Death of the 300 Word Post

One of the dumbest things the SEO world ever spawned was the 300 word blog post or the 300 word article.

Way back in the day, there was a sort of consensus among search engine researchers that followed Google and used their knowledge to instruct website owners in the practice of search engine optimization that Google only indexed the first 300 words on a webpage. More to the point, it was said that only the first 300 words were used by Google to determine a webpage ranking in its search results. Thus, anything you wrote after 300 words was “wasted.”

death-300-wordsThat may have been true at one time, but it has long since ceased to be the case with Google’s determination to index more of the web. Still, this time honored SEO advice was repeated constantly over the years.

Google’s recent search ranking updates have slaughtered those who were slaves to the 300 word article rule.
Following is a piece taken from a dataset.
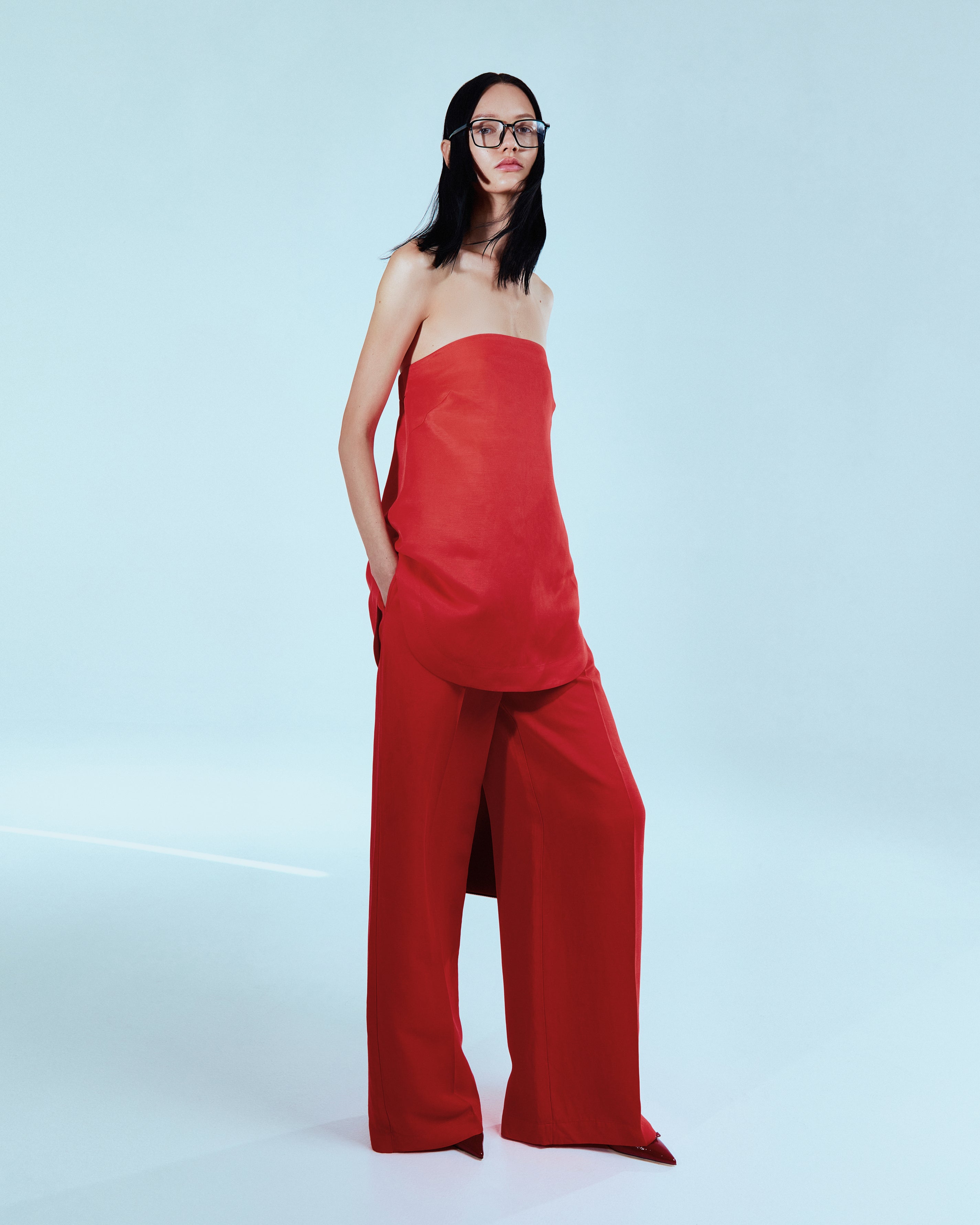 Брюки палаццо в чоловічому стилі з середньою посадкою. Витіснені стрілки. Бічні кишені. Тканина - мікс з льону та бавовни, створює невимушений образ. Рельєфи додатково підкреслені лінією кольору виробу. Виріб застібається на металеву кнопку.

Google Website Rankings Update

As more information about Google’s new search rankings algorithm has emerged, the consensus now is that a plethora of 300-word posts will actually hurt your website rather than improve your search rankings.

Google has stated that it has improved its search rankings by downgrading websites with thin or limited content. In fact, even the good webpages of a website can be penalized if they are on a domain with too much junk content. Those highly ranked, well-written articles are now dragged down by all of those keyword stuffed 300 word posts used before to prop them up.

This is all good news for writers making money online by writing. No longer is it advantageous to pay $1 for fifty 300 word articles from the cheapest freelancer you can find on elance.com. Such thin content actually hurts your website and makes your webpages rank worse. Websites looking to improve their traffic and even those looking to recover from a Panda hit that they took will be better off actually generating or commissioning worthwhile, informative, and yes, longer articles.

This website was started with the writer in mind. Instead of advice of how to make money with websites using tricks and techniques that gamed Google’s search engines, the idea is to show someone who can (and does) write well and publishes useful content how to turn that content into a way to make money writing online.

Make no mistake. The content mills and affiliate marketing scammers are hard at work on finding the next bare-minimum they can get away with.

Don’t fall into that trap. Keep writing the good stuff. Keep using the techniques to link it, index it, build it and monetize it, but keep making it good.

Google is said to be updating the Panda algorithm on a monthly basis now. Whatever garbage method the junk publishers come up with next might work for a month or two, but as soon as it becomes known, Google will be looking for a way to knock it down.

Content to Advertising Ratio

One recent metric to emerge from the AdWords / AdSense world is that of ads to content. It seems that in some cases, Google measures how much content there is relative to how much advertising there is.

It doesn’t take a rocket scientist to realize that longer articles will fair better in this ratio. A 300 word article, for example, is 10 percent ads with just 30 words of advertising, versus a 1,000 word article offering up to 100 words of advertising for the same ad ratio.

In other words, if your blog is monetized with Google AdSense, those longer articles you have been writing are paying off for you right now.